Friday, April 25, 2014

Plaid Patterns for Photoshop by Shelby Kate Schmitz


Of Plaid Sofas...


Brazil is known for soccer, Carnaval, and uncomfortable sofas.

Okay, so maybe the whole implied worldwide knowledge of the discomfort of Brazilian sofas is a bit of an exaggeration. 

Unknown or not, the sad fact is that Brazilian sofas offer very little in the way of comfort, at least at our price point.  During our time in Brazil, we had three sets.

Our first set we bought shortly after moving into our house.  It was black and white plaid with touches of green and red.  I imagine the story of the creation of said sofa went something like this.

“Let’s make a sofa,” says first sofa maker.

“But, senhor, we only have enough foam to add a quarter of an inch over the wooden underpinnings.”

“It doesn’t matter.  Make it anyway.”

Thus came into being the sofas that inhabited our living room for a year and a half.  Lest you doubt my story, I can show you the myriad of chiropractor bills that can be traced directly back to that sofa.  Okay, I admit, that too may be a slight exaggeration.

Our second set of sofas we bought after moving to northern Brazil.  It too lacked in comfort but made up for it in quality.  We hadn’t had the sofa long before the material began to wear out eventually sprouting holes.  The foam smashed down even quicker and the wooden frame stuck out of its upholstered cover like bony ribs through a shirt four sizes too small.

Shortly before my sister’s wedding we decided to splurge and buy new sofas.   They were brown and almost—gasp—comfortable. 

We were delighted.  The wedding guests arrived and we had one very tall guest with a proportioned weight.  He decided to sit on the arm of our brand new sofa. 

The poor sofa was angry at being so used and decided to break its arm.

So, although, the eyes of the world are upon Brazil with the upcoming World Cup and Olympics, I don’t think much broadcast time will be spent belittling the country’s sofa making abilities.
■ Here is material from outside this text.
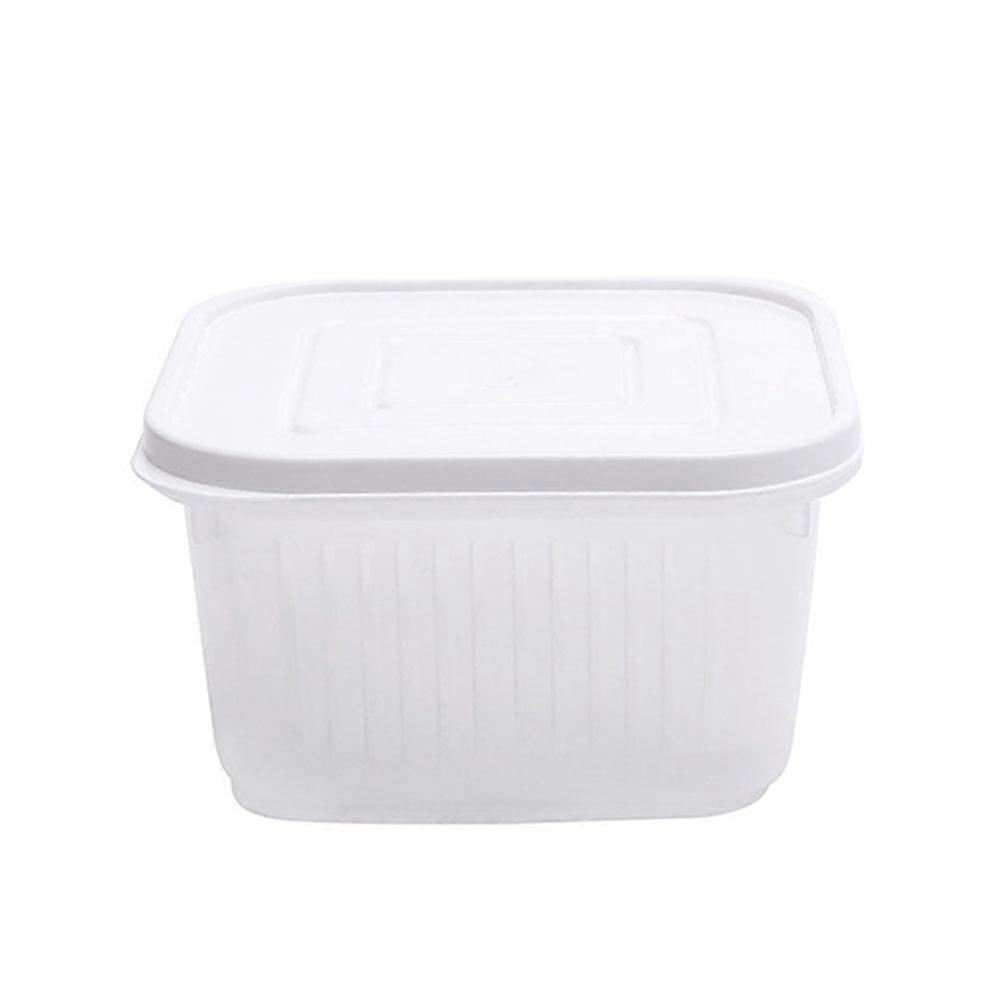Transparent Fridge Storage Box with Lid & Drainer - Compatible with Kitchen, Fruit, Veggie Crisper Container for Home, Restaurant (White)

But then, those reporters probably won’t be delivering their stories from the all-too-uncomfortable embrace of a Brazilian sofa.

Wednesday, April 16, 2014



Convenience food barely exists in Brasil.  If it does it cost an arm and a leg to buy, so it’s just all around easier to make your own food since you at least have all your limbs to do so.

One of my family’s favorite foods is Mexican.  Although one might expect that Mexican food would be very similar to Brasil, it is not even remotely similar.  In fact, you can’t find most of the things we use to make Mexican food, including tortillas.

To make a Mexican meal required a lot of work. 

First you needed to sort the beans.  They came dry and often contained other additives like rocks, stones or if you were really lucky occasionally an egg sack or weevil.  Once sorted the beans had to be washed, brought to a boil, and then allowed to soak for an hour or so.  Then they were pressure cooked.  Pressure cookers are a necessity of life in Brasil.

Once your beans were cooking you started on the tortillas.  First the dough was made and then allowed to rest before rolling each piece into a circle.  Humidity made the kitchen moist and hot and the dough was as likely to melt into the counter as to roll into a nice circle.  If you did succeed in completing a haphazardly-shaped, semi-thin, tortilla-like-ish creation you then got the pleasure of frying it over a hot stove.

Once the beans and tortillas were complete—and providing you had not passed out from exhaustion and the blistering temperatures in the kitchen, made worse by all the tortilla frying— you then needed to shred the cheese.  It sometimes turned out to be rancid or festooned with mold.  After whacking away with a knife you were able to shred it.

If you were feeling particularly adventurous you might then make salsa, but in a pinch ketchup mixed with hot sauce provided a decent sauce.

As long as it wasn’t wine ketchup, my family’s name for the off brand ketchups that were a bizarre purple color and did indeed taste like wine mixed with ketchup.  Only a blistering amount of picante sauce would make it semi-palatable.

Once the beans were mashed and flavored and we added some fresh avocado, our meal was complete and delicious enough to make us forget the hours in the sweltering kitchen.